AI can crack most password in less than a minute
Now might be a good time to update your password to something longer and more complex, as experts have found AI systems areable to crack almost all passwords easily.
Cybersecurity researchers from Home Security Heroes recently fed millions of passwords from RockYou into the PassGAN AI platform to see how fast it could crack them and the results were nothing short of stunning.
RockYou was an immensely popular widget for MySpace, and later Facebook, in the early days of social media. However it was hacked in 2009, and 32 million passwords, stored in plaintext, leaked to the dark web. From that dataset, the researchers used 15.6 million and fed them into PassGAN, where the passwords now often used to train AI tools.
Common passwords at risk
PassGAN is a password generator based on Generative Adversarial Network (GAN), which works by creating fake passwords that mimic real ones found in the wild.
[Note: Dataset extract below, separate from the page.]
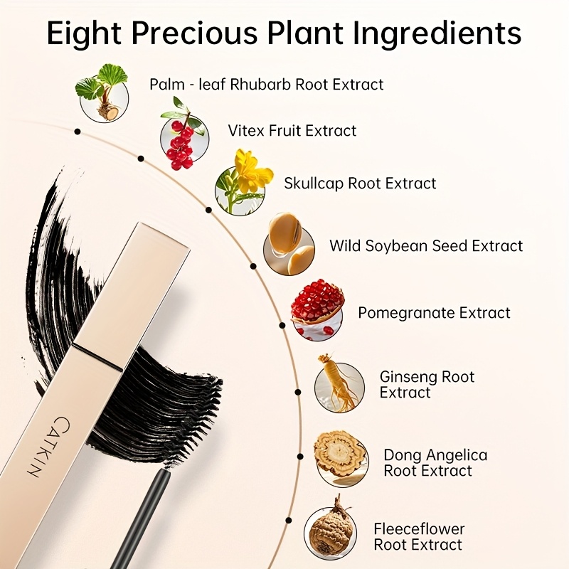 【FRIENDLY TO DELICATE EYES】 CATKIN nourish primelash mascara selected natural plant ingredients, including pomegranate peel extract, angelica root extract, ginseng extract, polygonum multiflorum root extract and so on, which natural ingredients allow you to maintain and care for eyelashes while applying makeup. It revitalise and nourish every eyelash, from root to tip.

It is comprised of two neural networks, a generator and discriminator. The generator builds passwords which the discriminator then scans and reports back to the generator. This constant back-and-forth helps both networks improve their results.
After excluding passwords shorter than 4 characters and longer than 18, the researchers found that 51% of “common” passwords could be cracked in less than a minute. It took less than an hour to crack two-thirds (65%), under a day to track 71%, and less than a month to crack 81%.
Seven-character passwords were cracked in under six minutes, even if they had numbers, upper and lowercase letters, and symbols.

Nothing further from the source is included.